------ Exercise materials

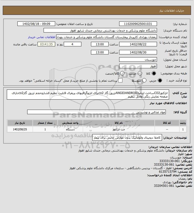 نام دستگاه خریدار:دانشگاه علوم پزشکی و خدمات بهداشتی درمانی جندی شاپور اهواز
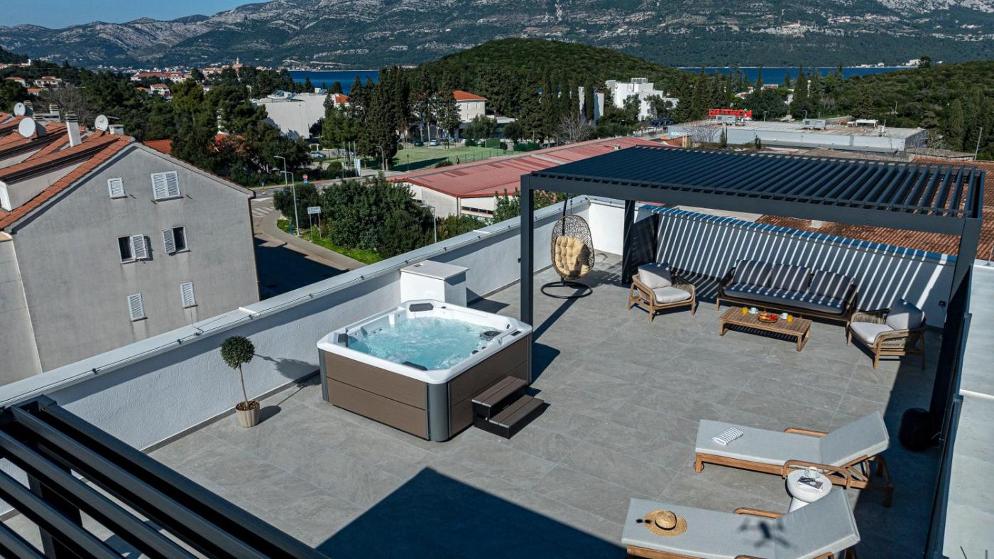 Set in KorÄula and only 500 metres from Beach Port 9, Penthouse apartment Optimum offers accommodation with mountain views, free WiFi and free private parking. This apartment features air-conditioned accommodation with a balcony. The apartment features a hot tub and a lift.
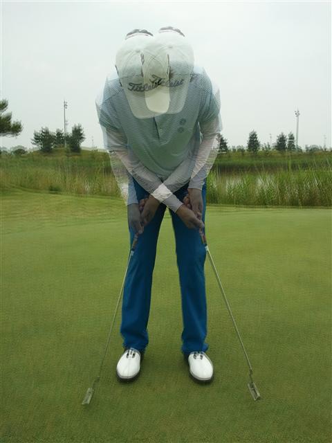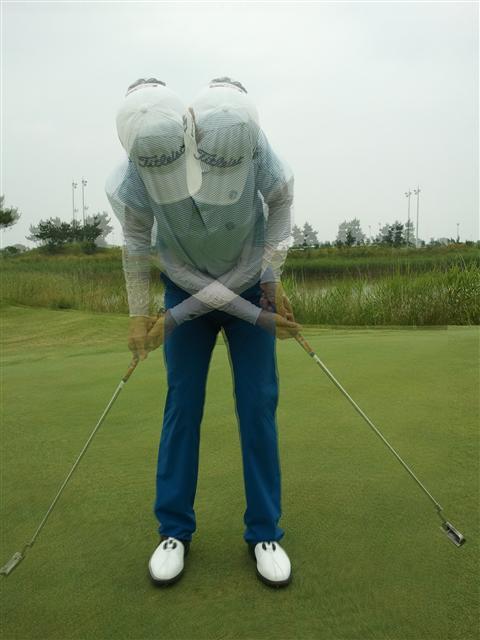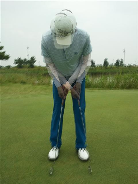 사진2는 퍼터 헤드가 오른발을 지나갔을 때를 나타낸다. 이정도 스윙이면 필자의 경우 8걸음을 굴러간다. 참고로 필자는 몇 m굴러가는가를 보는 것보다는 몇 걸음을 굴러 가는지로 익혀두다. 그렇게 하면 거리측정을 정확하게 할 수 있으며, 정확한 거리감은 퍼팅의 자신감을 만들어 내는 것이다. 최소 단위 거리를 익히는데, 많은 골퍼들은 3걸음, 5걸음, 8걸음, 10걸음으로 거리를 익히고 있다.
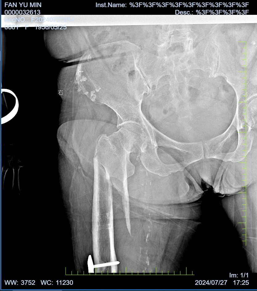 术后恢复期间,患者床旁摄片复查显示,右侧股骨髓内钉复位及内固定位置保持良好。范奶奶及其家属对手术结果表示高度满意,对我院的医疗技术和护理服务给予了充分的肯定。
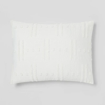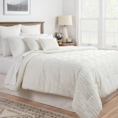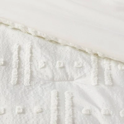 The Lenoir Tufted Broken Stripe Comforter Bedding Set from Threshold™ gives your bedroom a stunning look. The eight-piece bedding set includes a white comforter adorned with broken stripes and dots featuring tufted accents that will add a pop of texture and subtle flair to your space. It comes with shams, decorative pillows and a bedskirt for a complete look. For added convenience, the multi-piece comforter bedding set boasts a lightweight fabric construction that is machine washable.
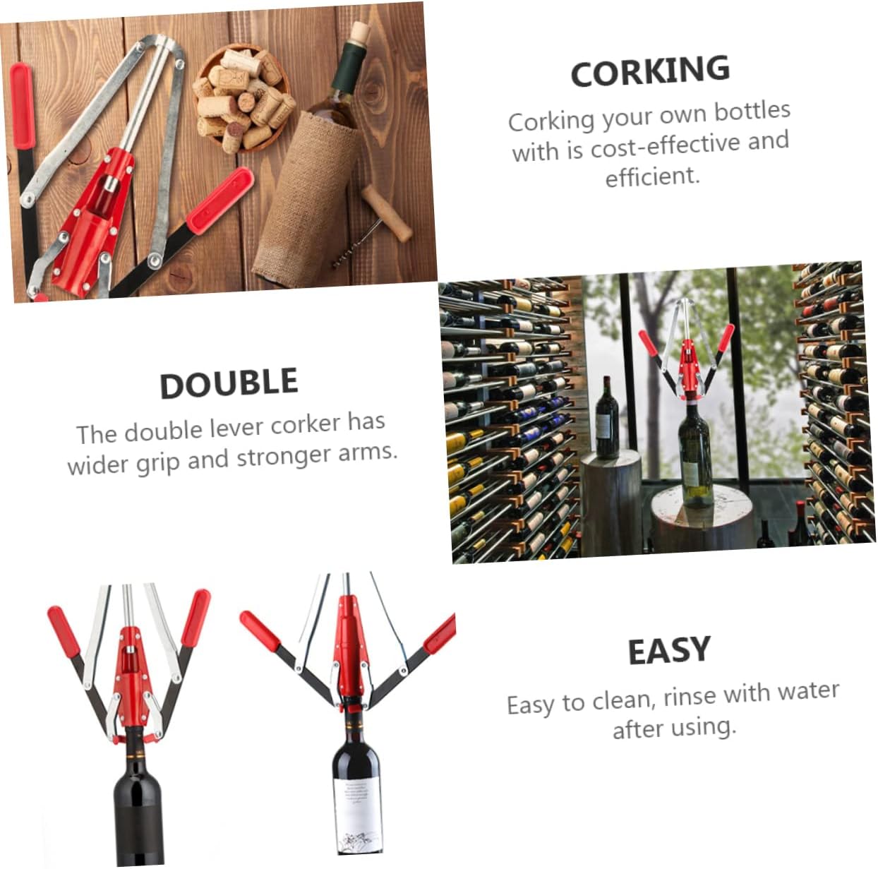 Package Include 1 x Hand Corker Features - Size: About 33.00X25.00X3.50cm/12.97X9.82X1.38in Corking Tool - Color: Red Handled Corker - Material: Iron and plastic Corker - Selected material, which is not easy to deform or break Household Corker. - Simply place the cork into the chamber, place the corker on of the bottle, and depress both levers Corker. - For results, have a bottle grip to help hold the bottle steady Iron Lever Corker. - As the name suggests, a lever is used to push the cork through a conical section that the cork, then into the bottle Wine Making Corker. - Fits all bottles and can use dry corks Bottle Corker.Goods InformationWine Bottle Corker Features the iron and plastic material, which has high durability, not easy to deform.Bottle Corker This corker is made of , which can withstand the use.Corking Tool Fine workmanship, it the practicality

------------

Work task
Take the entries above and restate them word for word, minus their images.

Solution for this exercise
 نام دستگاه خریدار:دانشگاه علوم پزشکی و خدمات بهداشتی درمانی جندی شاپور اهواز
 Set in KorÄula and only 500 metres from Beach Port 9, Penthouse apartment Optimum offers accommodation with mountain views, free WiFi and free private parking. This apartment features air-conditioned accommodation with a balcony. The apartment features a hot tub and a lift.
 사진2는 퍼터 헤드가 오른발을 지나갔을 때를 나타낸다. 이정도 스윙이면 필자의 경우 8걸음을 굴러간다. 참고로 필자는 몇 m굴러가는가를 보는 것보다는 몇 걸음을 굴러 가는지로 익혀두다. 그렇게 하면 거리측정을 정확하게 할 수 있으며, 정확한 거리감은 퍼팅의 자신감을 만들어 내는 것이다. 최소 단위 거리를 익히는데, 많은 골퍼들은 3걸음, 5걸음, 8걸음, 10걸음으로 거리를 익히고 있다.
 术后恢复期间,患者床旁摄片复查显示,右侧股骨髓内钉复位及内固定位置保持良好。范奶奶及其家属对手术结果表示高度满意,对我院的医疗技术和护理服务给予了充分的肯定。
 The Lenoir Tufted Broken Stripe Comforter Bedding Set from Threshold™ gives your bedroom a stunning look. The eight-piece bedding set includes a white comforter adorned with broken stripes and dots featuring tufted accents that will add a pop of texture and subtle flair to your space. It comes with shams, decorative pillows and a bedskirt for a complete look. For added convenience, the multi-piece comforter bedding set boasts a lightweight fabric construction that is machine washable.
 Package Include 1 x Hand Corker Features - Size: About 33.00X25.00X3.50cm/12.97X9.82X1.38in Corking Tool - Color: Red Handled Corker - Material: Iron and plastic Corker - Selected material, which is not easy to deform or break Household Corker. - Simply place the cork into the chamber, place the corker on of the bottle, and depress both levers Corker. - For results, have a bottle grip to help hold the bottle steady Iron Lever Corker. - As the name suggests, a lever is used to push the cork through a conical section that the cork, then into the bottle Wine Making Corker. - Fits all bottles and can use dry corks Bottle Corker.Goods InformationWine Bottle Corker Features the iron and plastic material, which has high durability, not easy to deform.Bottle Corker This corker is made of , which can withstand the use.Corking Tool Fine workmanship, it the practicality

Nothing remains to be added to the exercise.